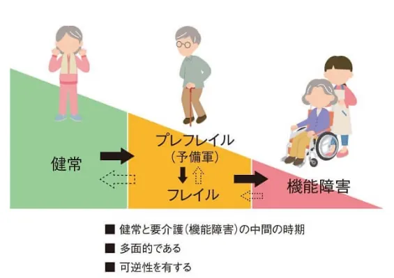 「フレイル」という言葉は、年齢とともに体や心が少しずつ弱っていく状態を表します。元気に生活できる状態と、介護が必要になる状態との中間にある段階です。
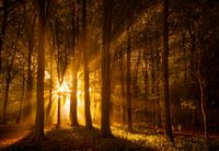 Een magische ochtend in het bos, de zonnestralen schijnen door de bonen en verlichten de mist in het bos. Het is herfst in Nederland en door de mist krijgt alles een gouden gloed.
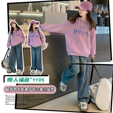 1*5收藏“076披肩卫衣牛仔裤套装”
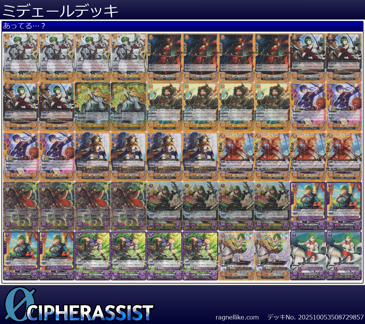 | B19-059HN 仇敵を追う弓騎 ミデェール | 4枚 | 聖戦旗 | 3 | 2 | 50 | 20 | 2 | 男 | 弓 |
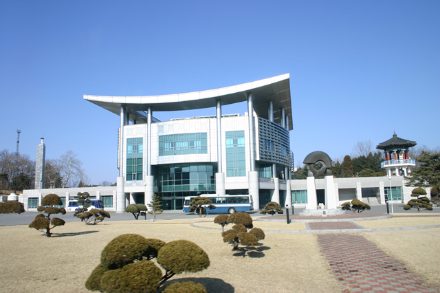 JSA 안보견학관 입구. 전시실과 교육실 휴게 공간 등 시설이 갖추어져 있다.
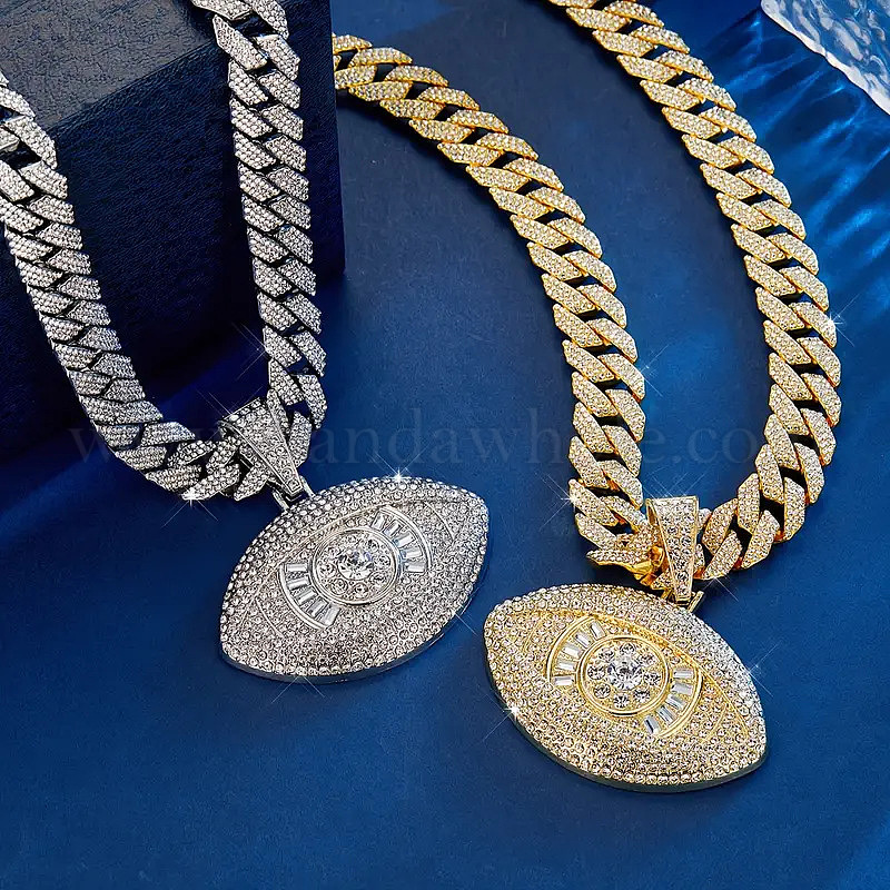 Мужские кубинские звенья цепи с подвеской от сглаза из цинкового сплава, полностью украшенной кристаллами и стразами

(Work task): Could you write out verbatim only those lines that run from the line containing "JSA 안보견학관 입구. 전시실과 교육실 휴게 공간 등 시설이 갖추어져 있다." through the end of the listing above, both included, without the pictures?

(Exercise answer):
 JSA 안보견학관 입구. 전시실과 교육실 휴게 공간 등 시설이 갖추어져 있다.
 Мужские кубинские звенья цепи с подвеской от сглаза из цинкового сплава, полностью украшенной кристаллами и стразами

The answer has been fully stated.